We move north to Portland, which is the harbor of the lumber country, a relatively old city with an aristocracy of merchant princes, like Baltimore or Boston. Ten years ago Oregon had a strong progressive movement, it was the pioneer in direct legislation. Today the old guard rules, and Portland is in the grip of a Black Hand which imports its ideas direct from Los Angeles. Curiously enough, they had a strike of the longshoremen and seamen, at the same time as Los Angeles; and here also the I. W. W. attacked the very basis of American civic life by closing up the boot-legging dives and dumping the liquor into the gutters. The insurrection was put down by the same methods as in Los Angeles—the throwing of hundreds of men into jail and holding them incommunicado without warrant or charge.

A number of Portland’s old and ineffably haughty families got their wealth by stealing the school lands which the government had given to the people of the state; now other families are on the way to becoming haughty upon the basis of real estate manipulations of the school board, and the sale of school supplies at double prices. The boss of the Oregon political machine is Mr. A. L. Mills, president of the First National Bank; for the past ten years he has kept a political agent to run the state legislature. The machine sent down to Los Angeles for copies of Woodworth’s Clum’s pamphlet, “America Is Calling,” for distribution in Oregon; and from these dragon’s teeth resulted a whole crop of legislative vermin—a bill requiring every school teacher to take an oath of loyalty, a bill forbidding aliens to teach in the schools; a bill barring any teacher who “either publicly or privately engages in destructive or undermining criticism of our government”; a bill requiring “the teaching of the Constitution in all public and private schools”—meaning, of course, the teaching of the Constitution as a bulwark of special privilege.

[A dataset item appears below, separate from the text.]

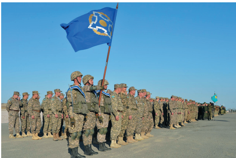
Открытие учений «Поиск-2018» на полигоне «Гвардейский»

со стороны террористических и экстремистских организаций в Центральной Азии, определен комплекс политических и дипломатических мер по предотвращению военного конфликта. Только при невозможности его предотвращения политическими методами, путем переговоров, включаются варианты военного реагирования, направленного на локализацию этих угроз.

As the directing staff of the public schools of Portland, Mr. Mills has selected a group of educators about whom I have yet to hear anything good. To call them uneducated educators would not tell you much; so come with me and make the acquaintance of Mr. D. A. Grout, superintendent of schools for a quarter of a million people. Mr. Grout is clammy and cold in his personal dealings, but in literary composition and oratory he expands and reveals himself. He takes a parental attitude towards his teachers, gathering them in large assemblies to instruct and inspire them. He composes verses, and has the teachers learn and recite these verses before him. He tells them stories with moral lessons, and then prints the stories in the official “School Bulletin.” One of these stories had to do with the philosophy of an old Negro, who was accustomed to say on all occasions: “Make the most of life today, ’caze you don’t know what may come along tomorrow.” A group of teachers declared to me that in telling the story Mr. Grout repeated this formula eight times; but I suspect these teachers of inaccuracy—because, as Mr. Grout publishes the story in the “School Bulletin,” September 6, 1919, he repeats it only three times, and then varies it for another three times as follows: “Make the most of life today, ’caze we do know what may come along tomorrow.”

Two or three years ago Mr. Grout went East to attend a convention of the National Education Association. His expenses were paid by the city; he has done considerable traveling at the city’s expense—$4,995.08 in the past three years. Superintendents do this traveling upon the theory that they will meet other great educators and bring home new ideas and inspirations. “We do get so tired,” said one of Mr. Grout’s flock, in telling me about it. “We do so crave a little bit of enthusiasm, something to make us think it’s worth while to go on with the old, dead routine!”